Ir al contenido

Documat


The role of blood dna methylation in environment-related chronic disease: A biostatistical toolkit

  • Autores: Arce Domingo Relloso
  • Directores de la Tesis: José Domingo Bermúdez Edo (dir. tes.) Árbol académico, María Téllez Plaza (codir. tes.) Árbol académico
  • Lectura: En la Universitat de València ( España ) en 2023
  • Idioma: inglés
  • Tribunal Calificador de la Tesis: Juan Ramón González Ruiz (presid.) Árbol académico, Carmen Iñiguez Hernández (secret.) Árbol académico, Elena Colicino (voc.) Árbol académico
  • Enlaces
  • Resumen
    • Epigenetic changes refer to modifications that alter gene expression without changing the genomic sequence. Environmental and behavioral factors are well-known epigenetic modifiers, leading to heritable changes that might disrupt essential biological processes and, in turn, influence the development of disease.

      DNA methylation is the most widely studied epigenetic mark. Scientific evidence supports the association between environmental factors, such as smoking and metals, and DNA methylation dysregulations. In addition, the evidence supports the association between DNA methylation dysregulations and chronic disease, especially for cancer. However, it is unknown whether these associations are causal or happen due to DNA methylation being a biomarker of other disrupted biological processes.

      In order to evaluate the potential role of genome-wide DNA methylation on the association between environmental factors and chronic disease, appropriate statistical methods for the analysis of ultra-high dimensional and highly correlated data are needed.

      To begin with, we need to select which methylation sites in the genome are associated with our outcome of interest. Existing methods for variable selection and effect estimation lose predictive ability and are subject to bias in ultra-high dimensional settings. Additionally, they are not able to quantify statistical uncertainty.

      Once we get to select the set of epigenomic features associated with our outcome, mediation analysis is a valuable tool to quantify the potential intermediate effect of these methylation sites on the association between environmental factors and chronic disease. The most biologically plausible scenario is that several correlated DNA methylation marks (as opposed to a single one) are mediators between an exposure and an outcome. On the other hand, it is common to consider time-to-event outcomes in epidemiological settings, in order to incorporate the time in which the outcome happened into the statistical model. However, to date, no mediation analysis algorithms able to deal with multiple correlated mediators with survival outcomes have been developed.
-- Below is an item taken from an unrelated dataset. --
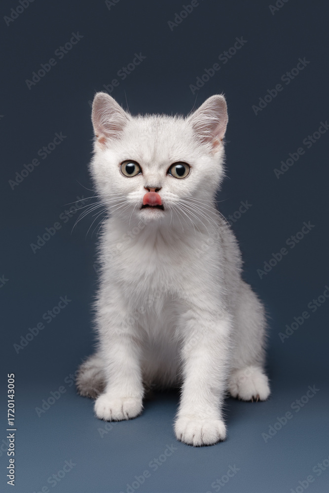 Portrait. A cute and fluffy white British Shorthair kitten sits in the studio with its tongue out, looking at the camera.. Vertical photo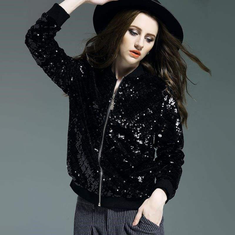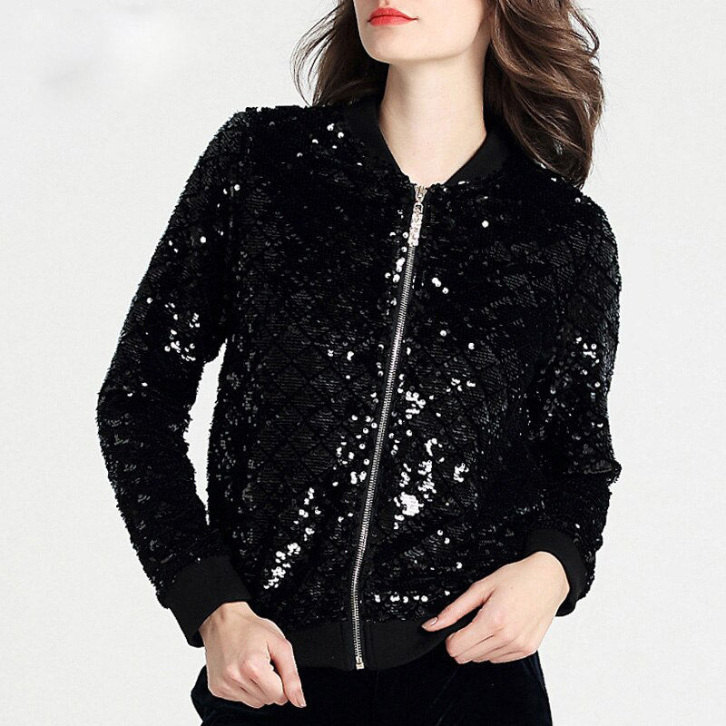 Women’s Black Sequin Bomber Jacket Zip-Up Party Wear Fashion Outerwear

      Thus, this thesis has two main objectives, the first one related to variable selection in ultra-high dimensional settings, and the second one focused on multiple mediation analysis with survival outcomes.

      Abstract of objective 1. The first objective of this thesis arises from the need to extend the Iterative Sure Independence Screening (ISIS) statistical tool, which conducts variable selection for ultra-high dimensional data, in order to improve its predictive accuracy, effect estimation and to incorporate statistical uncertainty. The objective was to pair the ISIS algorithm with two shrinkage methods: elastic-net and adaptive elastic-net (Aenet), and to include an algorithm for calculation of bootstrap-based confidence intervals. This extension of ISIS has been added to the SIS R package, which is available in the CRAN repository.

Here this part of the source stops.